But what about the growth! say the pundits. How else are students supposed to reach their full, expressive intellectual capacities without these exercises? Yes, it is like exercise. You practice to simulate the real game. It’s not like those kids playing basketball in sixth grade aren’t imitating their grown-up peers—that’s what learning is.
But here’s the difference. What the NCAA ruling shows us is that by the time of higher education, these students are no longer imitating. It is work in its own right and is being compensated accordingly. (Well, at least the coaches and administrators are being compensated.) Why not have the same expectations for our students? And certainly for graduate students, who are way past the sell-by date of learning by imitating? Why keep alive the pretense of simulation when in practice there is all sorts of work going on and potential for even more of it?
Because we’ve been doing everything on a simulator deck for so long, it’s hard to imagine what this might look like.

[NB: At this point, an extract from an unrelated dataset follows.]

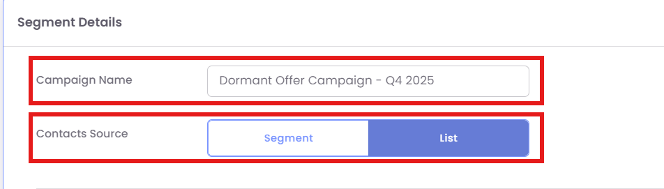 Campaign Name: Enter a clear, internal name for your campaign (e.g., "Dormant Offer Campaign - Q4 2025"). This is for your reference only.

But try to picture more assignments and activities that aim to solve real-world problems, even at the simplest of levels. Wikipedia pages are an obvious first step. Why not teach composition using this public space? Why not make new knowledge in the process of honing your writing skills and creating a suite of pages around an overlooked cultural feature? Along the way, students would also learn what it means to edit, a skill most of them very much need.
It would also teach them how to relate to other people’s writing. As we move more and more from a book-based world to a digital infrastructure, why not teach students how to contribute to that process? I don’t mean have them transcribe OCR instead of talking in class (too Matrix-y?). But certainly encoding texts and tagging them with more information that can be used by others are activities that require a good deal of thought and critical judgement. At the same time, this information is useful to others. Think of the boon to historians to have more information available in digital archives. Perhaps students might apply their new-found knowledge about the novel (Jane Austen, no doubt) by writing an algorithm that looks for something textually interesting in the myriad pockets and corners of the Internet. There is so much to analyze out there, why not do it rather than pretend to? I'm imagining something like the Maker Movement, though less artisanal in spirit and more analytical and applied.
The detractors will, of course, have seizures about all of this—they will say it overlooks the disinterested nature of learning and undoubtedly marks the end of the life of the mind. My colleagues in the humanities might argue that it smacks of a science system that prioritizes laboratory doing over seminar simulation. (They've been doing this for a long time.) Prepping for cubicle life is no way to think about Aristotle, they would insist, whither the critical thinkers? Once those ivory towers are opened to the world of work, there will be no end to it.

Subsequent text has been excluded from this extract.